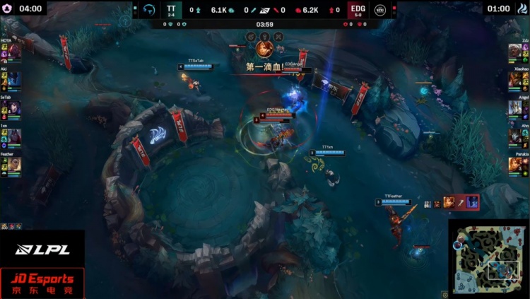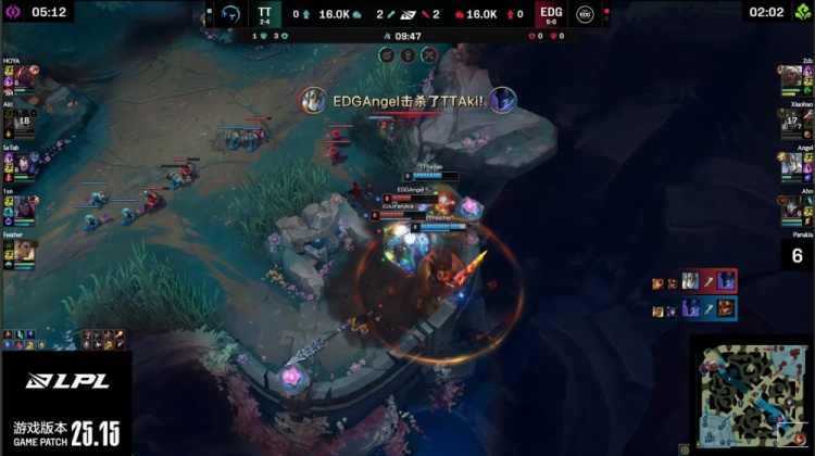 【15:55】Parukia女坦中路被逮捕残血撤退,Ahn烬架狙逼退TT,TT放掉先锋,xiaohao轻松拿到先锋,EDG经济领先1k。
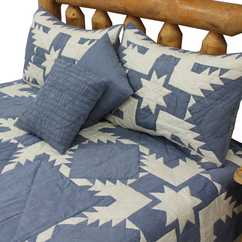 With only blue and white colours, the created designs of feathered stars is the most difficult and intricate of all star patterns, embedded on creamy white crosses which makes it a soft and mild and dreamy bed to lie on.
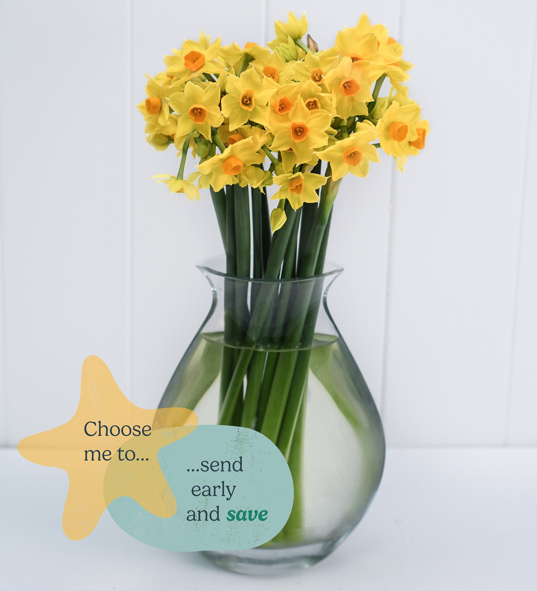 From October to Easter different varieties of scented narcissi flower at different times so the flowers sent may differ slightly from those shown. Although we try to include a mixture, it might not always be possible to include both white and yellow varieties especially during December. Please call if you have a specific request or need more information.
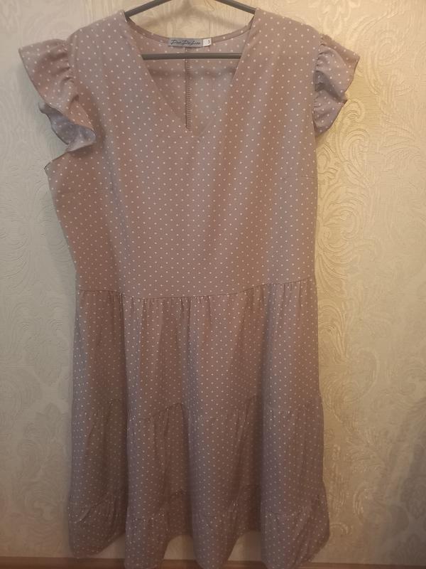 Лёгкое летнее платье в горошек с воланами из невисомой, приятной к телу ткани софт. Модель свободного края с высокой какеткой, длина до колена. Платье подойдёт также беременным .об.г 118, длина 94.
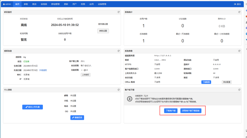 我们推荐使用喧喧服务端部署包来安装下载,用户登录喧喧后台,从客户端下载区块来下载客户端使用。管理员可以直接选择下载客户端进行下载,其他同事可以按需生成下载链接,按照下载链接地址直接下载即可。
========
About this task: In the records above, find the line containing "Лёгкое летнее платье". Reproduce it and every line after it through the last line, omitting pictures.

Exercise response:
 Лёгкое летнее платье в горошек с воланами из невисомой, приятной к телу ткани софт. Модель свободного края с высокой какеткой, длина до колена. Платье подойдёт также беременным .об.г 118, длина 94.
 我们推荐使用喧喧服务端部署包来安装下载,用户登录喧喧后台,从客户端下载区块来下载客户端使用。管理员可以直接选择下载客户端进行下载,其他同事可以按需生成下载链接,按照下载链接地址直接下载即可。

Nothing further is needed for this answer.